Records shown START

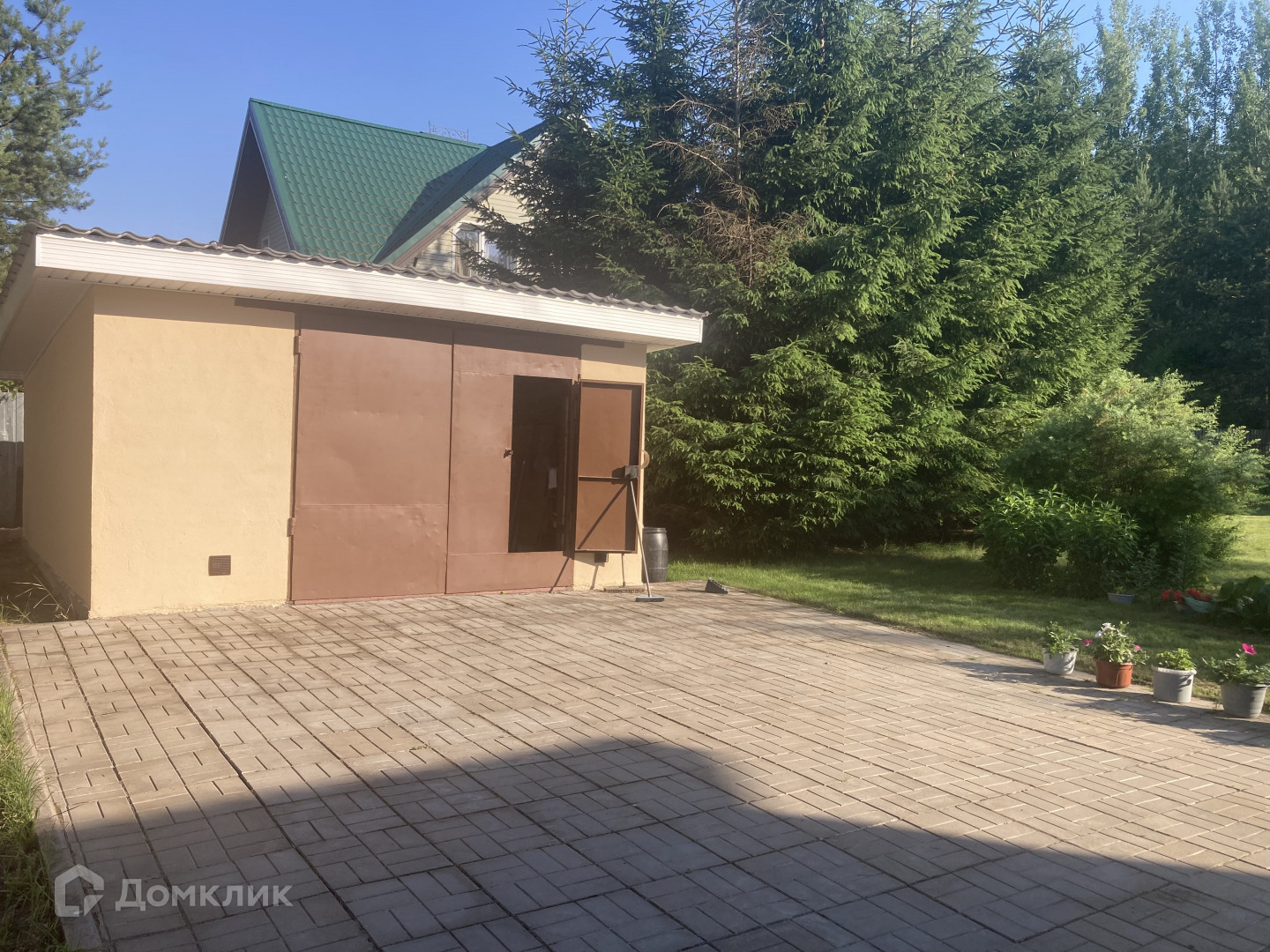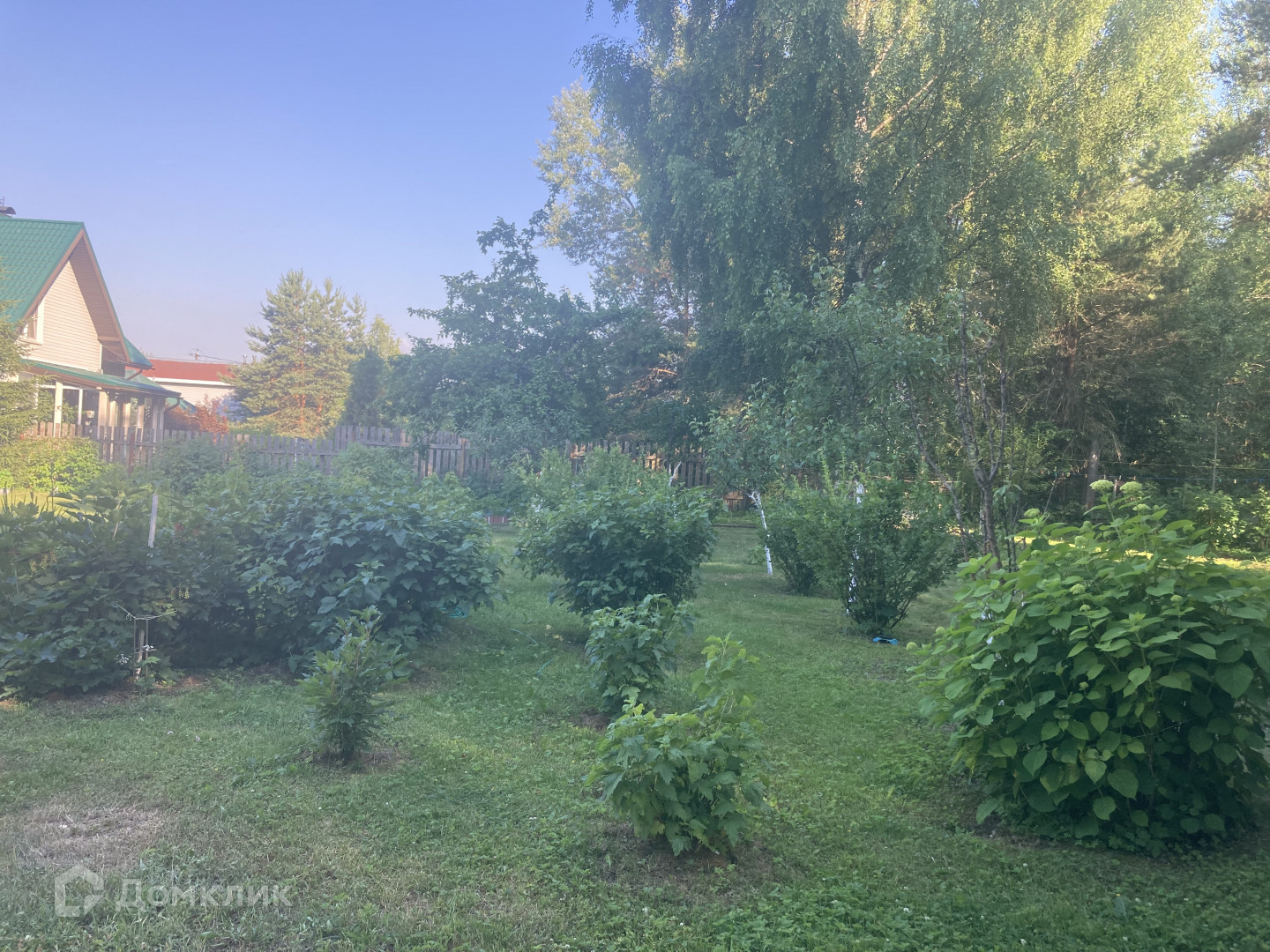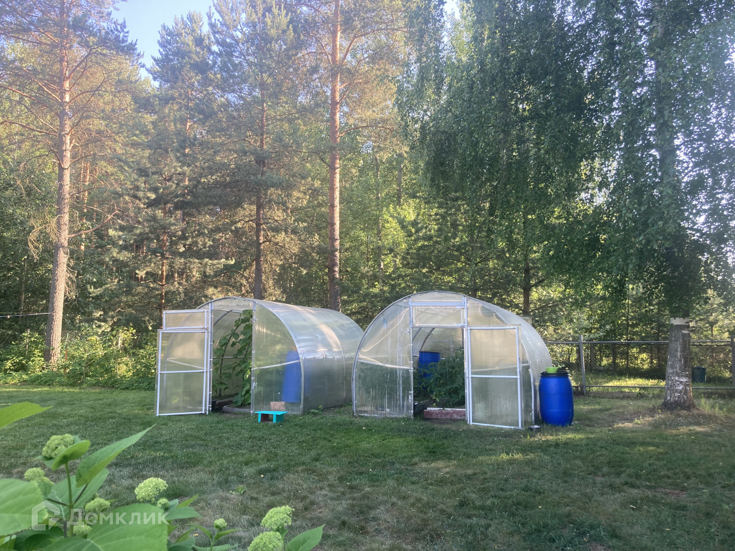На участке есть дополнительные постройки: гараж, хозяйственные постройки, теплицы. Участок ухоженный с плодовыми деревьями и кустами, грядками, клумбами и газоном, есть фонтанчик, сразу за участком - пруд и лес. Участок огорожен металлическим забором с воротами, площадка перед домом выложена тротуарной плиткой.
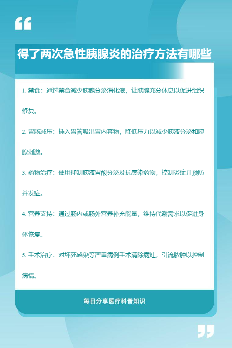 得了两次急性胰腺炎可通过禁食、胃肠减压、药物治疗、营养支持、手术治疗等方法进行治疗。
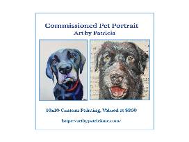 - Pet Portrait: Custom commissioned pet/animal portrait. 10x10 Canvas Painting of a beloved pet. Painting done by Patricia Wilson-Reynolds ($350 Value)
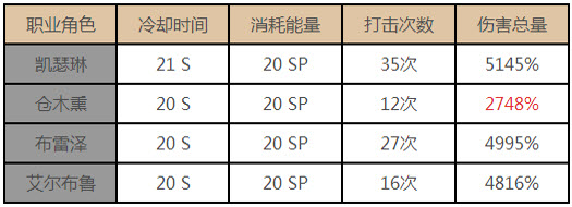 玩仓木熏的玩家看到这个图表估计就郁闷了,其他3个职业的伤害都已经上4000%。但是仓木熏的伤害只有2748%的基础伤害。
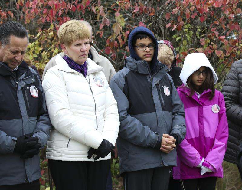 The Grieco family gathered with a large group of friends, neighbors and village officials at the corner of Winfield Road and Waterford Drive for a ceremony unveiling a street sign honoring Kevin Grieco.
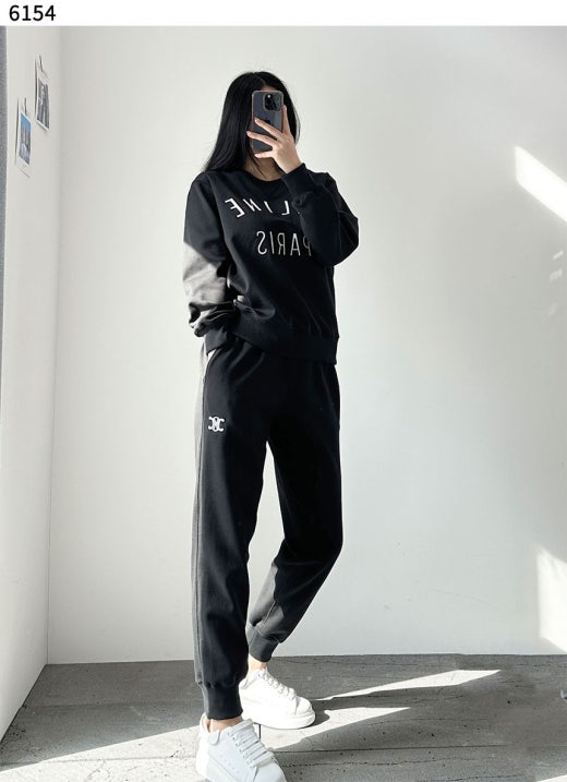 셀린느 파리 로고 라운드 맨투맨 트레이닝 셋 남여공용(2컬러)
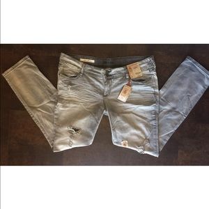 Decree Juniors Plus Size Distressed Supper Skinny Grey Denim Low Rise Jeans Brand New With Tags Size: "17" waist is 20 inches and inseam is 32 inches
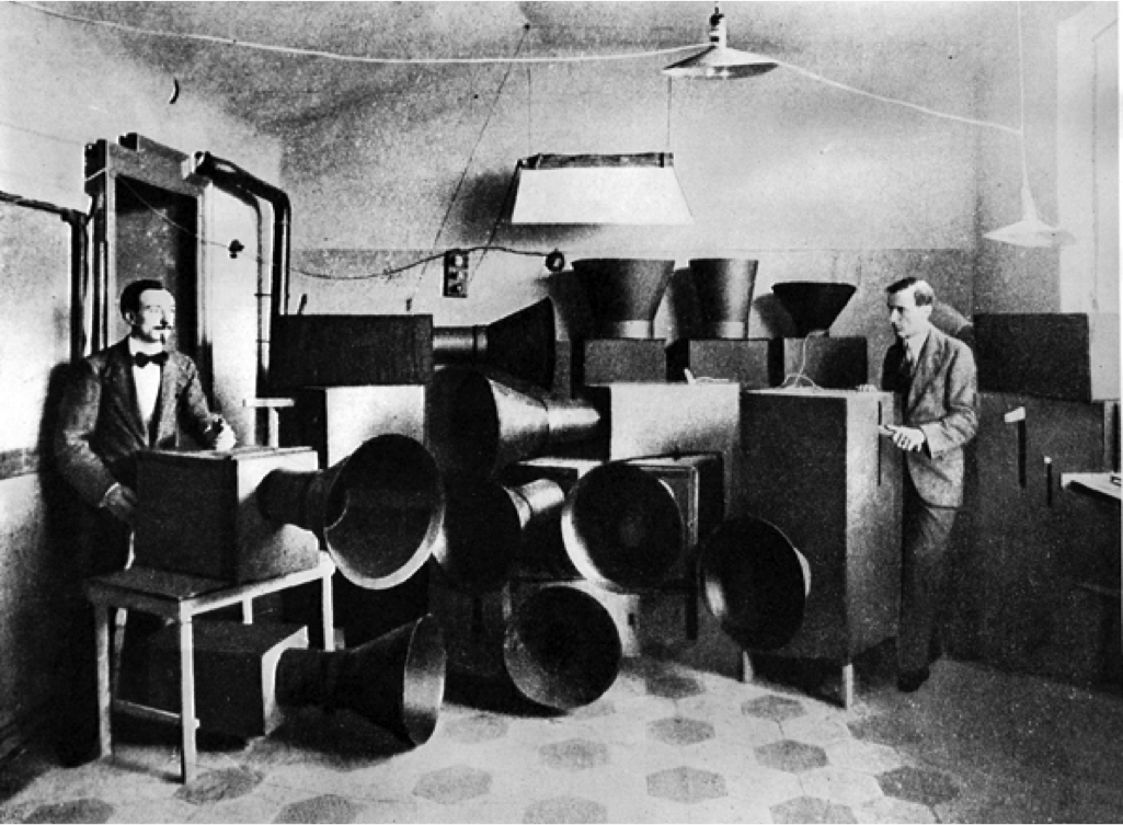 This musical evolution is paralleled by the multipication of machines, which collaborate with man on every front...This evolution towards "noise sound" was not possible before now. The ear of an eighteenth-century man could never have endured this discordant intensity...
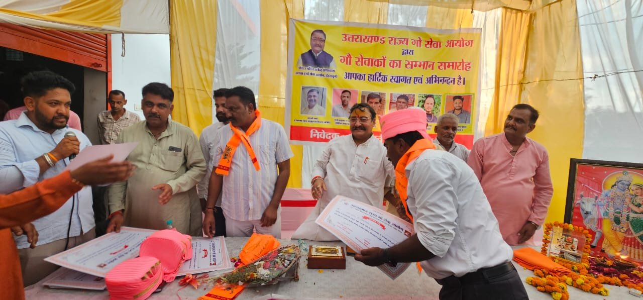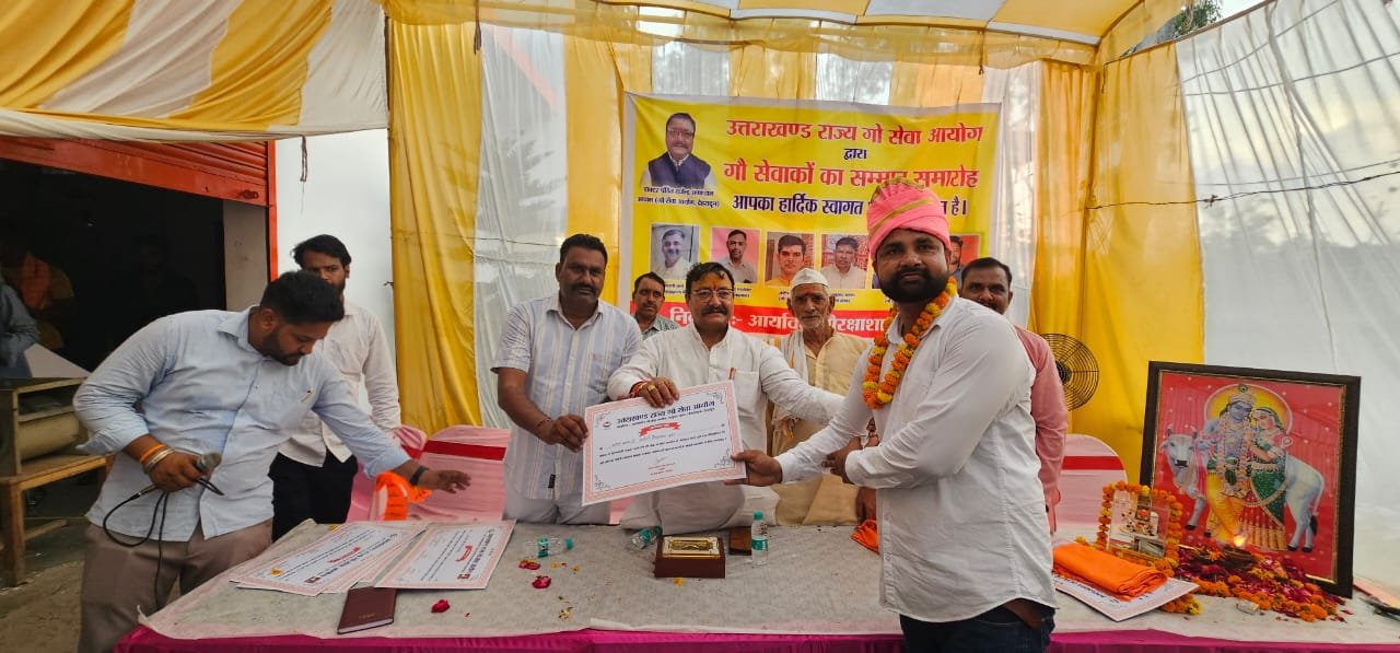 अध्यक्ष राज्य गो सेवा आयोग उत्तराखंड डॉ. पंडित राजेन्द्र अंथवाल ने आर्यावर्त गौ रक्षा शाला ट्रस्ट में आयोजित कार्यक्रम में गोसेवकों को किया सम्मानित
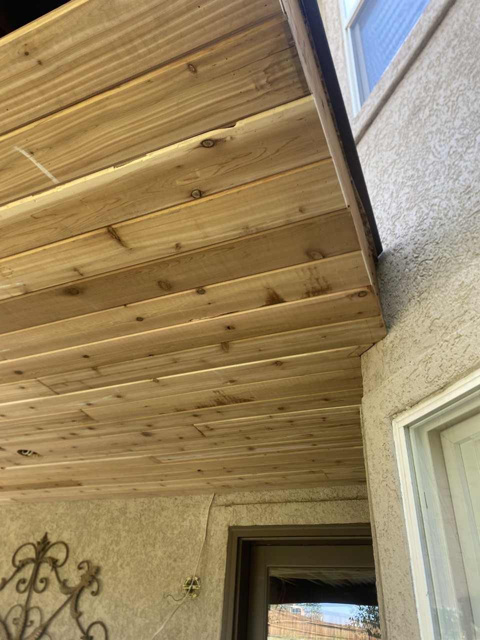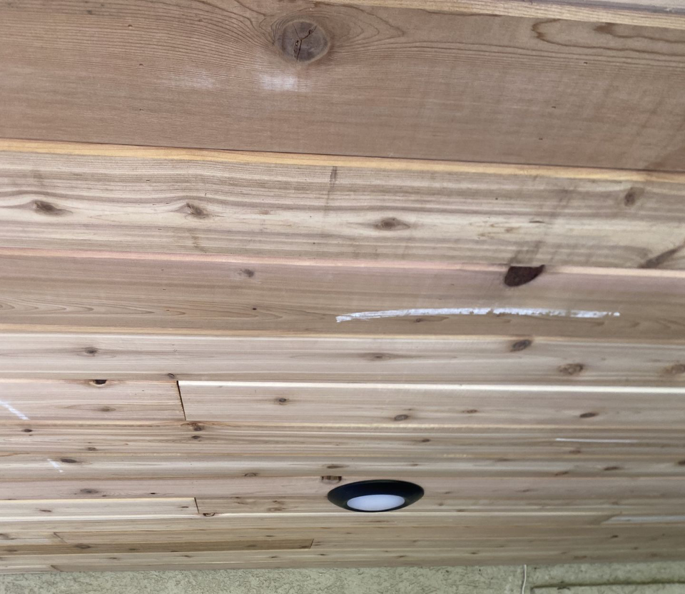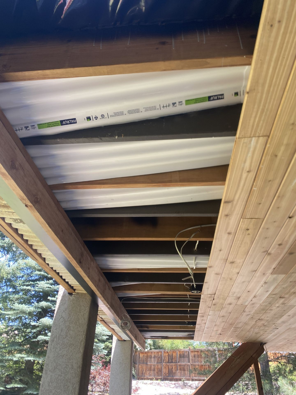 Project: Install a wood plank ceiling and lighting under the client's top deck.
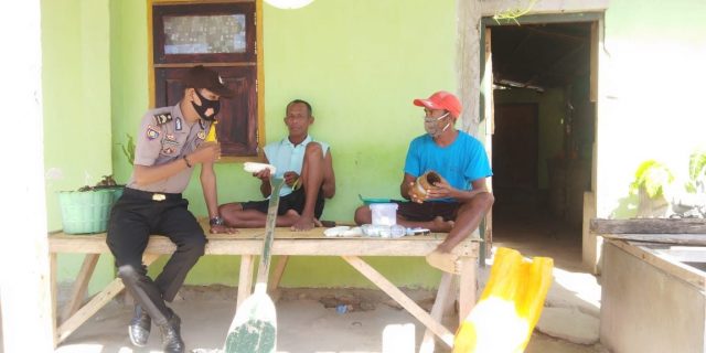 Bhabinkamtibmas Desa Waturu menyambangi keluarga Bapak Niko Ratuanik dan Bapak Demianus Luturmas yang sementara duduk didepan teras dan menemukan bahwa Bapak Demianus Luturmas tidak melaksanakan Protokol Kesehatan Covid-19 yaitu tidak memakai masker.
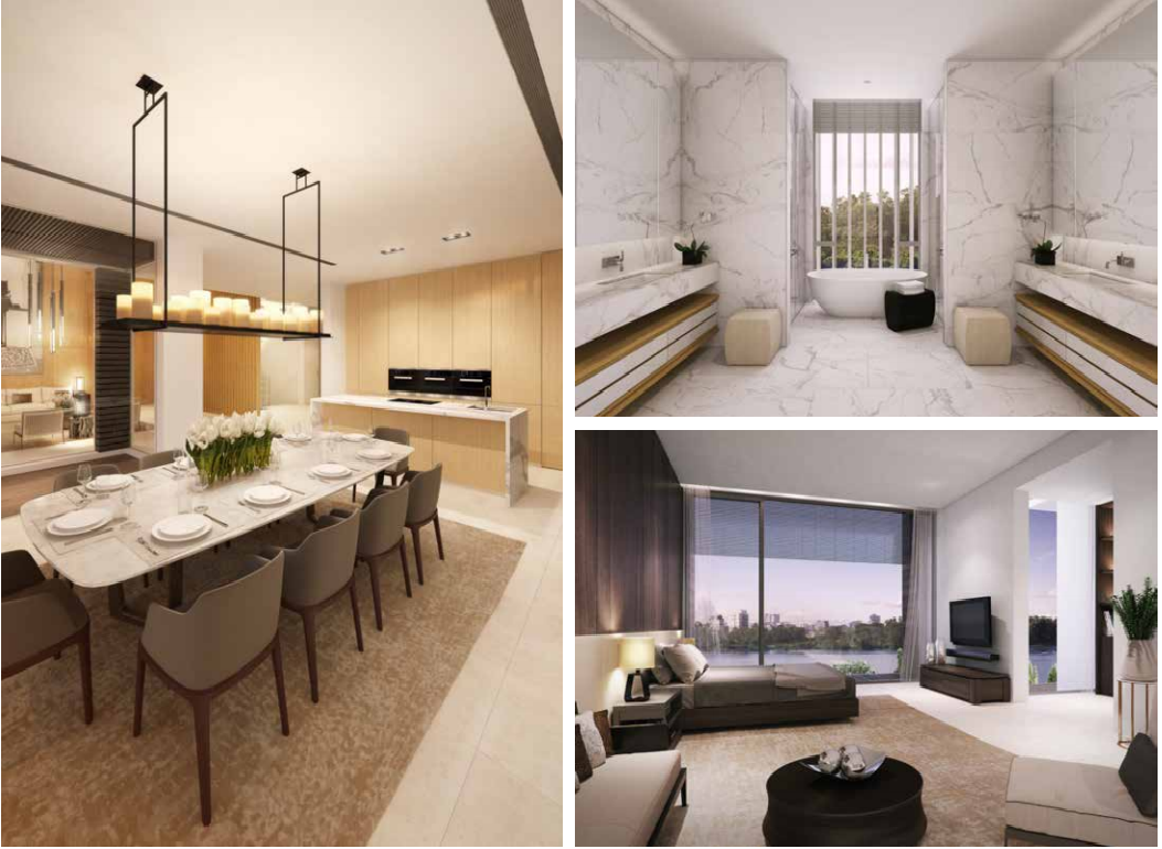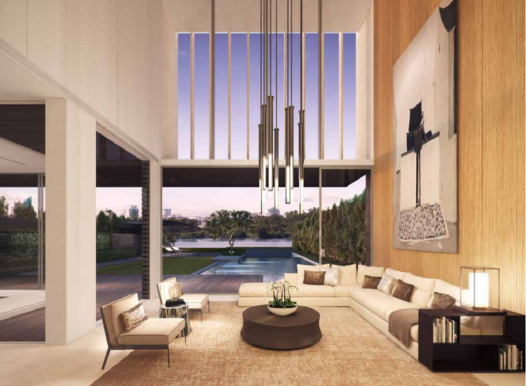 Diện tích xây dựng chung cho toàn khu 359m2 – 588m2. Những căn ven sông và biệt thự hồ bơi sân vườn có chung thiết kế 1 hầm, 1 trệt và 2 lầu, riêng 12 căn biệt thự sân vườn không có hầm mà có gara nổi.
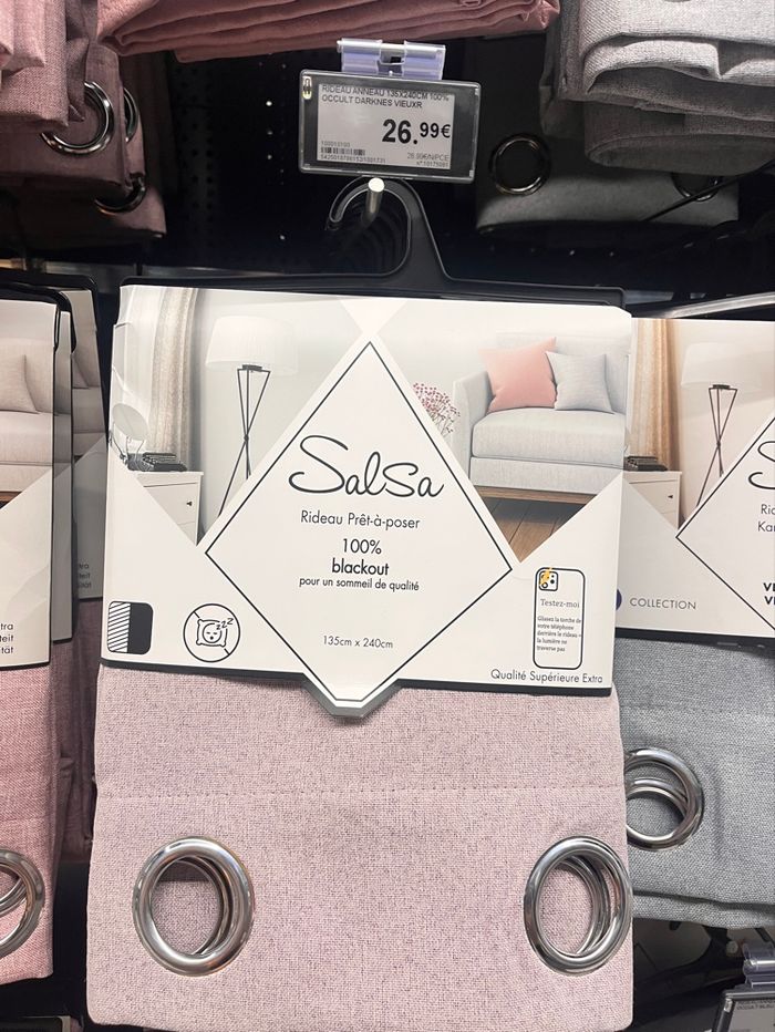 Rideau occultant rose avec oeillets métalliques 100 % polyester Dimension : 135 × 240 cm

Records shown END

What to do
Every entry must be retyped exactly, with the pictures removed.

Written response
На участке есть дополнительные постройки: гараж, хозяйственные постройки, теплицы. Участок ухоженный с плодовыми деревьями и кустами, грядками, клумбами и газоном, есть фонтанчик, сразу за участком - пруд и лес. Участок огорожен металлическим забором с воротами, площадка перед домом выложена тротуарной плиткой.
 得了两次急性胰腺炎可通过禁食、胃肠减压、药物治疗、营养支持、手术治疗等方法进行治疗。
 - Pet Portrait: Custom commissioned pet/animal portrait. 10x10 Canvas Painting of a beloved pet. Painting done by Patricia Wilson-Reynolds ($350 Value)
 玩仓木熏的玩家看到这个图表估计就郁闷了,其他3个职业的伤害都已经上4000%。但是仓木熏的伤害只有2748%的基础伤害。
 The Grieco family gathered with a large group of friends, neighbors and village officials at the corner of Winfield Road and Waterford Drive for a ceremony unveiling a street sign honoring Kevin Grieco.
 셀린느 파리 로고 라운드 맨투맨 트레이닝 셋 남여공용(2컬러)
 Decree Juniors Plus Size Distressed Supper Skinny Grey Denim Low Rise Jeans Brand New With Tags Size: "17" waist is 20 inches and inseam is 32 inches
 This musical evolution is paralleled by the multipication of machines, which collaborate with man on every front...This evolution towards "noise sound" was not possible before now. The ear of an eighteenth-century man could never have endured this discordant intensity...
 अध्यक्ष राज्य गो सेवा आयोग उत्तराखंड डॉ. पंडित राजेन्द्र अंथवाल ने आर्यावर्त गौ रक्षा शाला ट्रस्ट में आयोजित कार्यक्रम में गोसेवकों को किया सम्मानित
 Project: Install a wood plank ceiling and lighting under the client's top deck.
 Bhabinkamtibmas Desa Waturu menyambangi keluarga Bapak Niko Ratuanik dan Bapak Demianus Luturmas yang sementara duduk didepan teras dan menemukan bahwa Bapak Demianus Luturmas tidak melaksanakan Protokol Kesehatan Covid-19 yaitu tidak memakai masker.
 Diện tích xây dựng chung cho toàn khu 359m2 – 588m2. Những căn ven sông và biệt thự hồ bơi sân vườn có chung thiết kế 1 hầm, 1 trệt và 2 lầu, riêng 12 căn biệt thự sân vườn không có hầm mà có gara nổi.
 Rideau occultant rose avec oeillets métalliques 100 % polyester Dimension : 135 × 240 cm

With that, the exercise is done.